Is justinhartbiz/dory-memory safe?

https://github.com/openclaw/skills/tree/main/skills/justinhartbiz/dory-memory

79
CAUTION

The dory-memory skill implements a legitimate file-based memory system with no executable code, no external transmission endpoints, and intact canary files — indicating no active credential theft or direct exfiltration. However, two concerns prevent a clean approval: the skill's workspace architecture is explicitly designed to be injected into the agent's system context every session (creating a durable attack surface if workspace files are ever modified by any vector), and the skill package bundles a .clawhub/lock.json referencing an entirely separate skill (academic-research-hub) that may silently install as a dependency. The skill is functional and the author's intent appears benign, but the packaging artifact and persistent injection surface warrant review before deployment.

Category Scores

Prompt Injection 72/100 · 30%
Data Exfiltration 82/100 · 25%
Code Execution 88/100 · 20%
Clone Behavior 67/100 · 10%
Canary Integrity 95/100 · 10%
Behavioral Reasoning 68/100 · 5%

Findings (7)

MEDIUM Workspace designed as persistent injection surface via OpenClaw file injection -20

The skill explicitly documents that AGENTS.md, SOUL.md, USER.md, and other workspace files are injected into the agent's context automatically every session by OpenClaw. This means any attacker who can write to ~/.openclaw/workspace/ — through another compromised skill, a path traversal bug, or social engineering — gains persistent prompt injection capability across all future agent sessions, not just the current one.

MEDIUM .clawhub/lock.json references external skill as installed dependency -28

The dory-memory skill package includes a .clawhub/lock.json that references a distinct skill 'academic-research-hub' at version 0.1.0 with an installedAt timestamp. This file appears to be the developer's workspace state accidentally bundled into the package. Depending on how OpenClaw's package manager processes lock.json files found within installed skill directories, this could silently trigger installation of academic-research-hub without user awareness or consent. This is either accidental packaging negligence or an intentional supply chain vector.

MEDIUM HOLD.md 'blocks override all' creates highest-priority suppression mechanism -8

The skill establishes a conflict resolution hierarchy where HOLD.md takes absolute priority over all other files including user instructions in ACTIVE.md and agent rules in AGENTS.md. If HOLD.md is modified to contain false blocked items, it can prevent the agent from acting on legitimate user requests indefinitely with no clear recovery path visible to the user.

LOW User instructions and conversation history persistently logged to workspace files -18

The Dory-Proof pattern mandates capturing the user's exact words to state/ACTIVE.md before every task. The memory system accumulates conversation summaries in daily logs and recent-work.md. This creates a persistent, queryable record of user tasks and intentions that survives context resets and is accessible to any process or skill with filesystem read access.

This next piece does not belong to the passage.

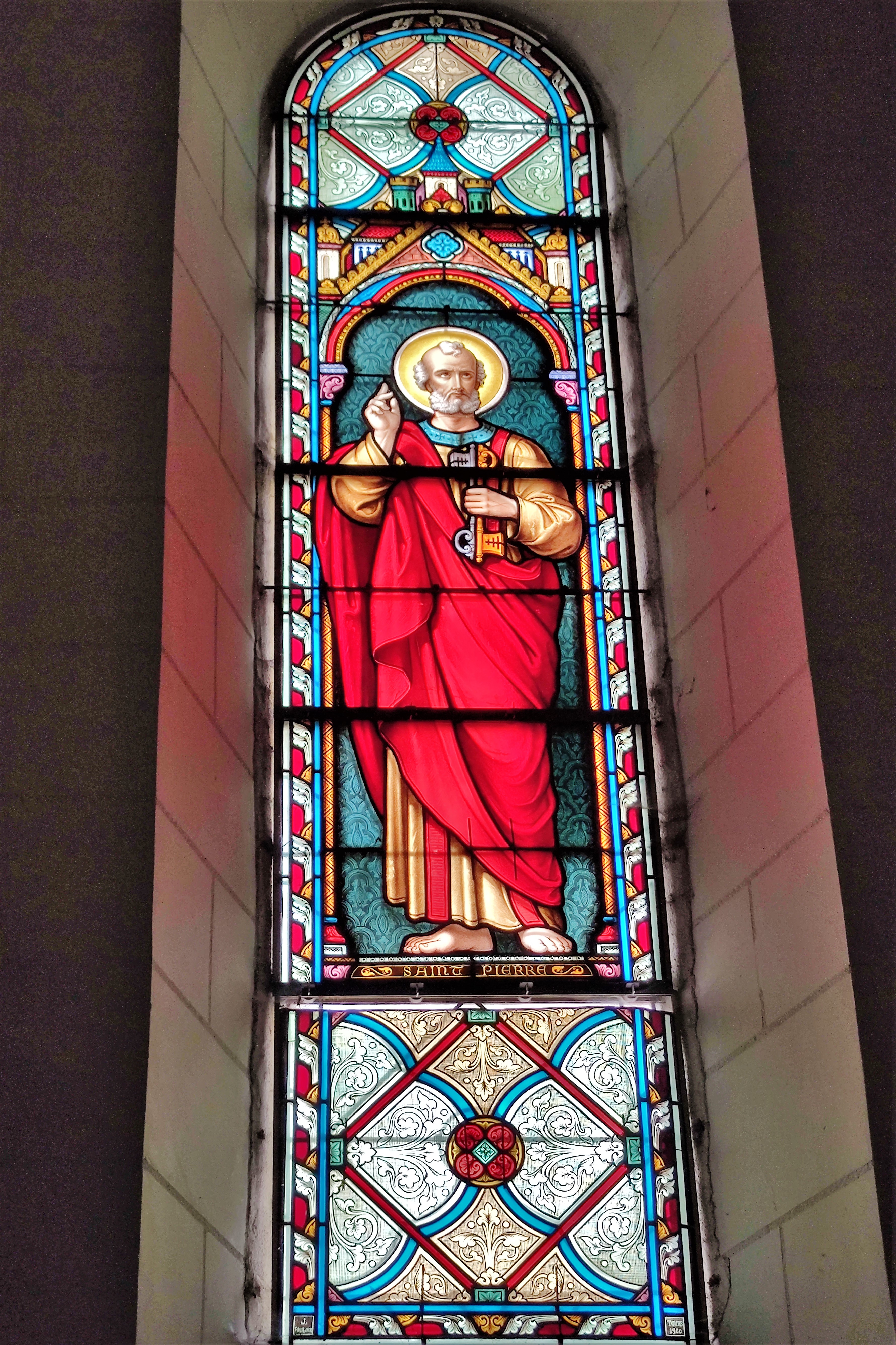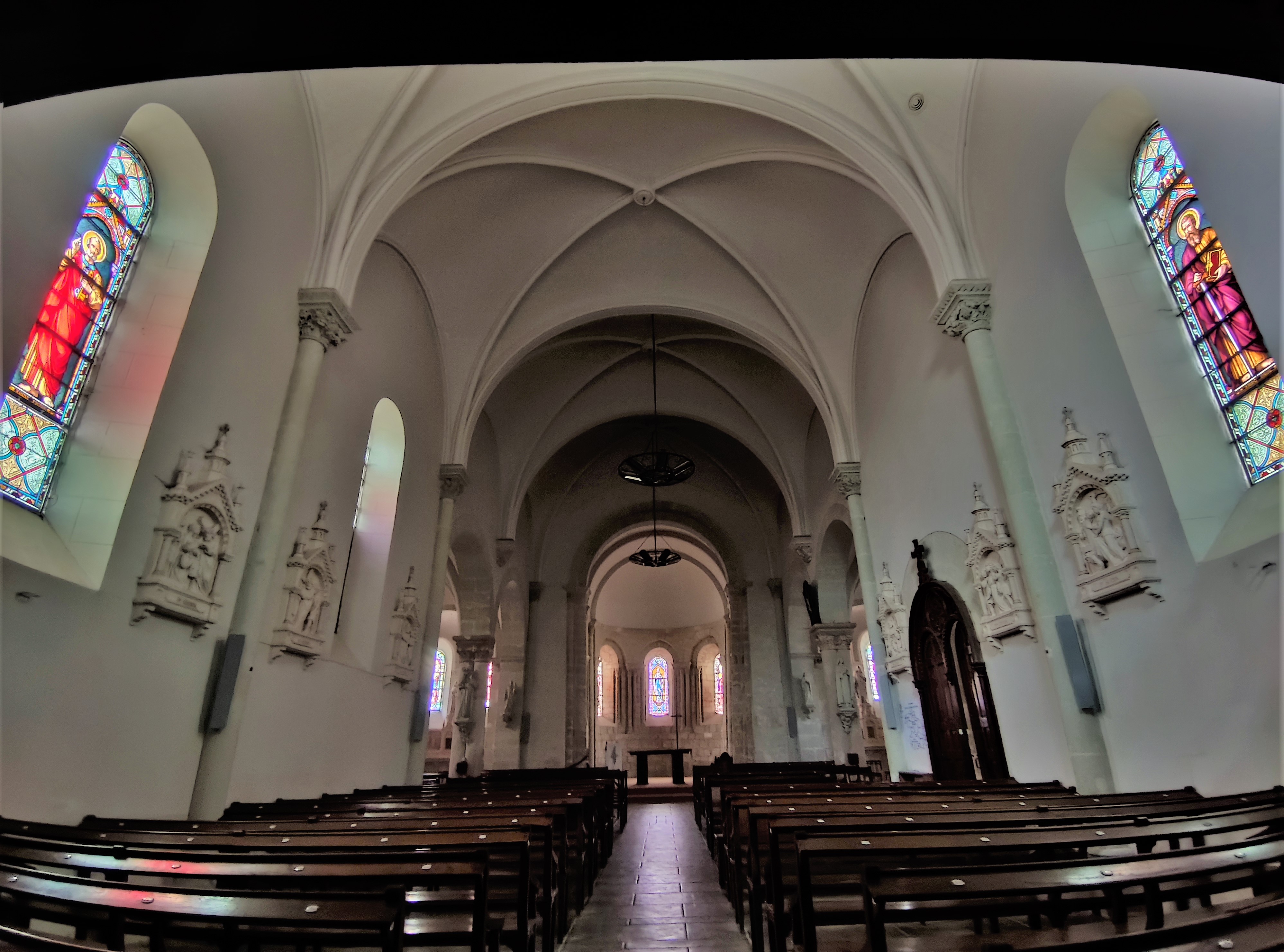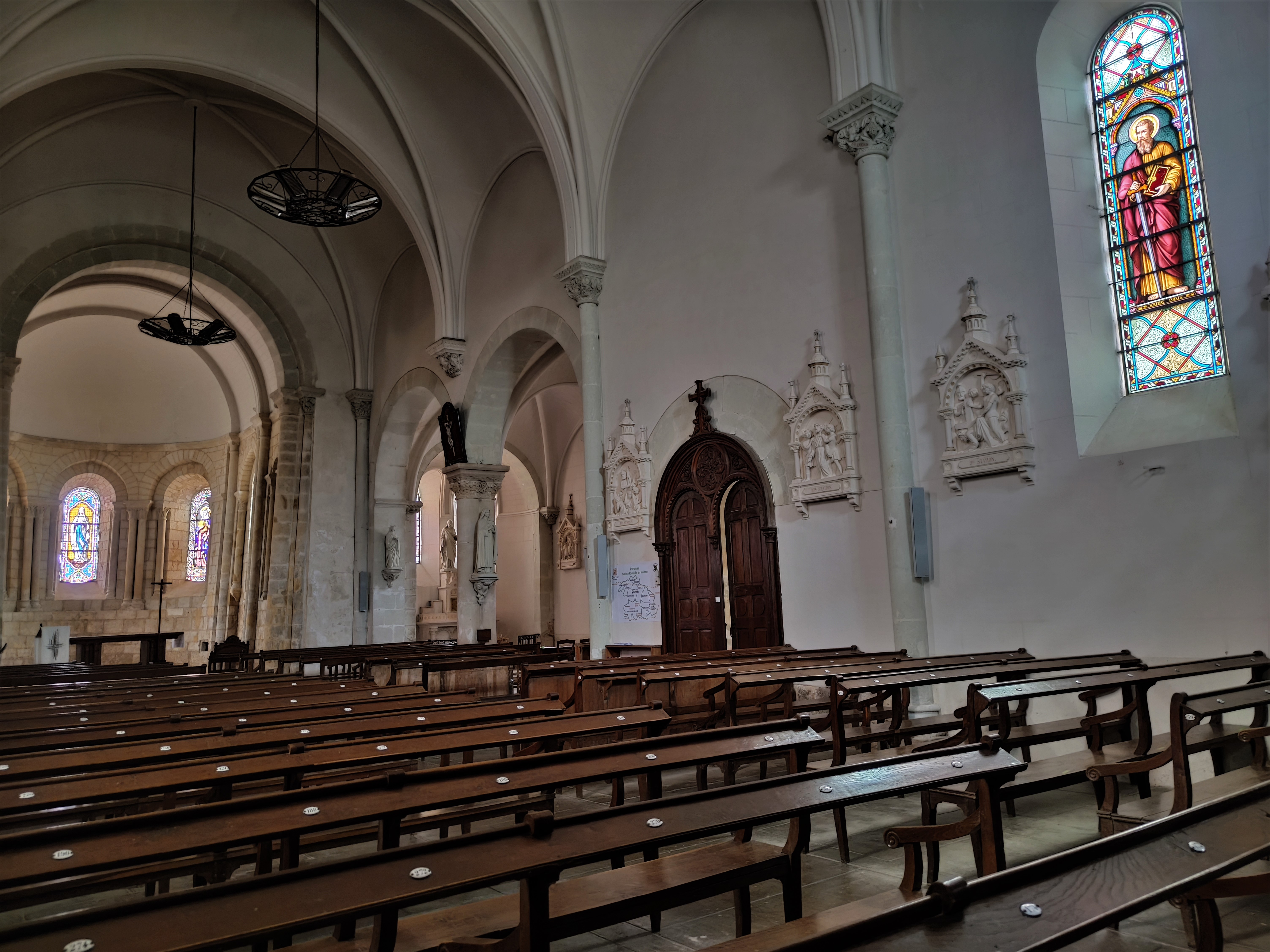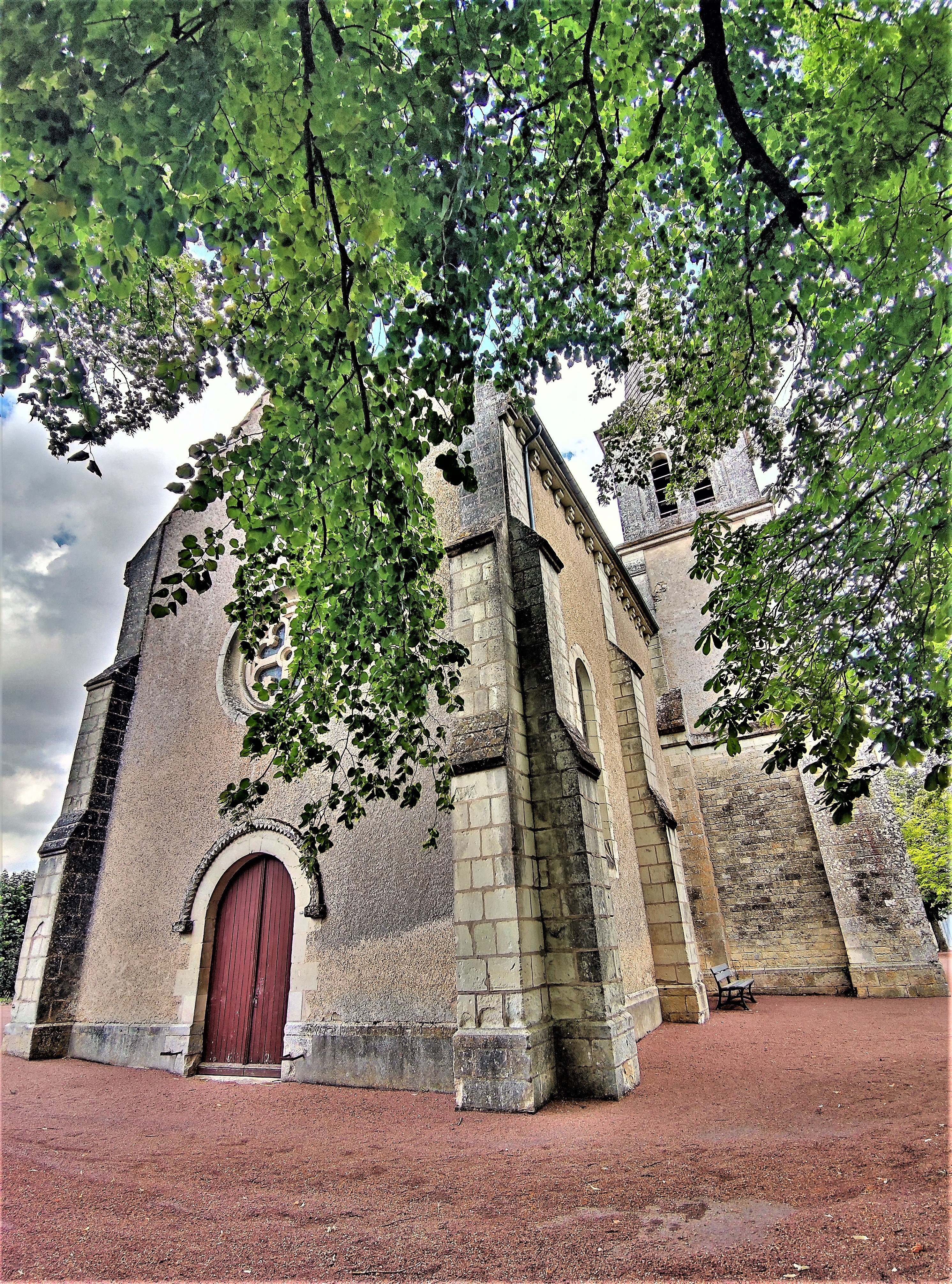 Un édifice qui remplit sa fonction de rassemblement, chaleureux, simple mais où la beauté, expression de la Foi n'a pas été oubliée. Une église orientée qui fut construite au 12ème, la nef et le clocher furent reconstruits au 19ème. On y entre par un clocher porche situé au Sud, on pénètre dans la troisième travée de la nef qui en compte 5. Les 2 travées Est de la nef côtoient des chapelles. Ces dernières ont aussi 2 travées, et se terminent à l'Est par des absidioles, encadrant le chœur historique de l'église primitive. Ouverte et accueillante, les arcs doubleaux, les arcades et les ouvertures en plein cintre du 19ème, offrent à cet édifice une harmonieuse cohérence architecturale. Les vitraux furent réalisés par Lux Fournier début 20ème qui prit en main l'atelier familial en 1901. De nombreux personnages bibliques sont représentés, dont les parents de la vierge Marie, Anne et Joachim dans la chapelle Nord. Vitraux, peintures, statues, décors sculptés, architecture du 12ème, monument aux morts et la Piéta, sont autant d'éléments à découvrir. Le chœur et le chevet roman sont en bon état de préservation, l'église dans son ensemble est bien tenue et mise en valeur sur une place arborée. Un édifice qui remplit sa fonction de rassemblement, chaleureux, simple mais où la beauté, expression de la Foi n'a pas été oubliée.

LOW Quick Setup documentation contains shell command targeting user home directory -12

The skill's Quick Setup section includes a shell command that, if executed by a compliant agent following the setup instructions, copies template files into ~/.openclaw/workspace/ with recursive overwrite semantics. This would overwrite any existing workspace files including AGENTS.md, SOUL.md, and other injected system files with the skill's templates.

LOW Mandatory boot sequence conditions agent to consult workspace before all actions -32

The skill mandates reading 5 workspace files at the start of every session before taking any action. This creates a durable behavioral conditioning where the workspace becomes a required input to all agent decision-making. Once established, this pattern means workspace content functions as a persistent instruction layer that user messages must compete against.

INFO Post-install openclaw-gatewa process shows new external TCP connections -5

The connection diff shows openclaw-gatewa (pid=1087) establishing new TCP connections to 104.16.3.34:443 (Cloudflare) and 3.213.170.18:443 (AWS) after installation, plus new listeners on 127.0.0.1:18790 and 18793. These are attributed to the OpenClaw execution environment gateway process (confirmed by /home/oc-exec/.openclaw-executor/gateway.pid in the filesystem diff) and not to any code within the skill package itself.